**Source data:**
┌────────
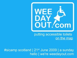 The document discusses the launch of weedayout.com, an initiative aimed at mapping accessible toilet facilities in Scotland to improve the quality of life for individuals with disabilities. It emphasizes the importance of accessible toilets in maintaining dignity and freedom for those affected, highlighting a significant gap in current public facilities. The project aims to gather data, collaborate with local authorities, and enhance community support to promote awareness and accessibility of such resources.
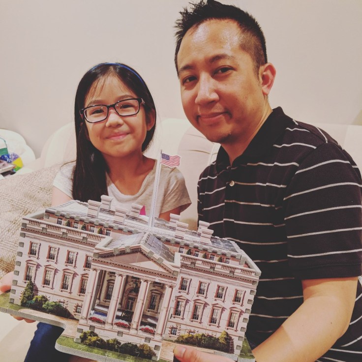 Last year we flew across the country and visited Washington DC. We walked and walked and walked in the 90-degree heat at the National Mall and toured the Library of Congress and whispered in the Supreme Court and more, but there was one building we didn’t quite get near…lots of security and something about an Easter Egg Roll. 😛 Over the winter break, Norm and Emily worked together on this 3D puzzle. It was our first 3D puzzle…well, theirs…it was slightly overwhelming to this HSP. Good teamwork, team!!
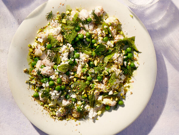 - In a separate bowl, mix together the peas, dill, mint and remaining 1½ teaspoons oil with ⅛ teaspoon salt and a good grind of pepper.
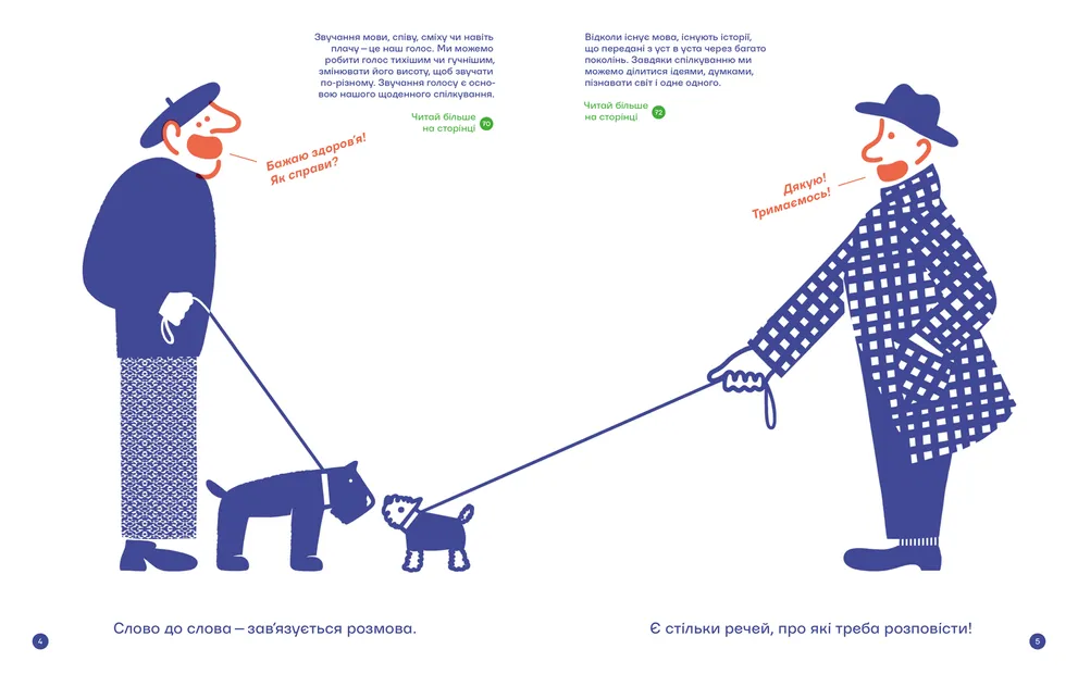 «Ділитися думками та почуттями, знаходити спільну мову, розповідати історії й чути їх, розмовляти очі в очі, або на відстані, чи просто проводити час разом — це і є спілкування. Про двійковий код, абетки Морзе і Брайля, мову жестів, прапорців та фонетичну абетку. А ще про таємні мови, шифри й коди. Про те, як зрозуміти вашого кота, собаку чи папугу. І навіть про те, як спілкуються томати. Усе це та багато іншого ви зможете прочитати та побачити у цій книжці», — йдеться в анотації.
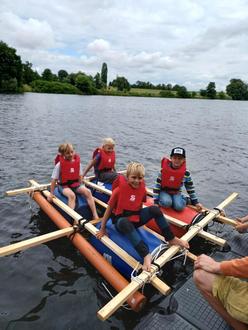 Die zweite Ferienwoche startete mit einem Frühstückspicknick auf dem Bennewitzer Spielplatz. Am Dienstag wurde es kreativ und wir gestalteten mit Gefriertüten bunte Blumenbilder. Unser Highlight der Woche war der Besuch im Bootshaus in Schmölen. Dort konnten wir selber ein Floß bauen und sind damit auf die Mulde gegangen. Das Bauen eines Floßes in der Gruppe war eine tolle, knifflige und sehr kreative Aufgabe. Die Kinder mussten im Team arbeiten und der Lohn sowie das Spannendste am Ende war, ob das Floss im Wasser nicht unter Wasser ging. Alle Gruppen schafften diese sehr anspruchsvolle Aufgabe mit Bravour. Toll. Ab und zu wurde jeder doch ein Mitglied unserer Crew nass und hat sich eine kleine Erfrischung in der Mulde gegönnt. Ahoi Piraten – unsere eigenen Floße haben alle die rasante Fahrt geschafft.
└────────
**Goal of the exercise:**
Retype all the data exactly. Omit pictures.

**Solution to the exercise:**
 The document discusses the launch of weedayout.com, an initiative aimed at mapping accessible toilet facilities in Scotland to improve the quality of life for individuals with disabilities. It emphasizes the importance of accessible toilets in maintaining dignity and freedom for those affected, highlighting a significant gap in current public facilities. The project aims to gather data, collaborate with local authorities, and enhance community support to promote awareness and accessibility of such resources.
 Last year we flew across the country and visited Washington DC. We walked and walked and walked in the 90-degree heat at the National Mall and toured the Library of Congress and whispered in the Supreme Court and more, but there was one building we didn’t quite get near…lots of security and something about an Easter Egg Roll. 😛 Over the winter break, Norm and Emily worked together on this 3D puzzle. It was our first 3D puzzle…well, theirs…it was slightly overwhelming to this HSP. Good teamwork, team!!
 - In a separate bowl, mix together the peas, dill, mint and remaining 1½ teaspoons oil with ⅛ teaspoon salt and a good grind of pepper.
 «Ділитися думками та почуттями, знаходити спільну мову, розповідати історії й чути їх, розмовляти очі в очі, або на відстані, чи просто проводити час разом — це і є спілкування. Про двійковий код, абетки Морзе і Брайля, мову жестів, прапорців та фонетичну абетку. А ще про таємні мови, шифри й коди. Про те, як зрозуміти вашого кота, собаку чи папугу. І навіть про те, як спілкуються томати. Усе це та багато іншого ви зможете прочитати та побачити у цій книжці», — йдеться в анотації.
 Die zweite Ferienwoche startete mit einem Frühstückspicknick auf dem Bennewitzer Spielplatz. Am Dienstag wurde es kreativ und wir gestalteten mit Gefriertüten bunte Blumenbilder. Unser Highlight der Woche war der Besuch im Bootshaus in Schmölen. Dort konnten wir selber ein Floß bauen und sind damit auf die Mulde gegangen. Das Bauen eines Floßes in der Gruppe war eine tolle, knifflige und sehr kreative Aufgabe. Die Kinder mussten im Team arbeiten und der Lohn sowie das Spannendste am Ende war, ob das Floss im Wasser nicht unter Wasser ging. Alle Gruppen schafften diese sehr anspruchsvolle Aufgabe mit Bravour. Toll. Ab und zu wurde jeder doch ein Mitglied unserer Crew nass und hat sich eine kleine Erfrischung in der Mulde gegönnt. Ahoi Piraten – unsere eigenen Floße haben alle die rasante Fahrt geschafft.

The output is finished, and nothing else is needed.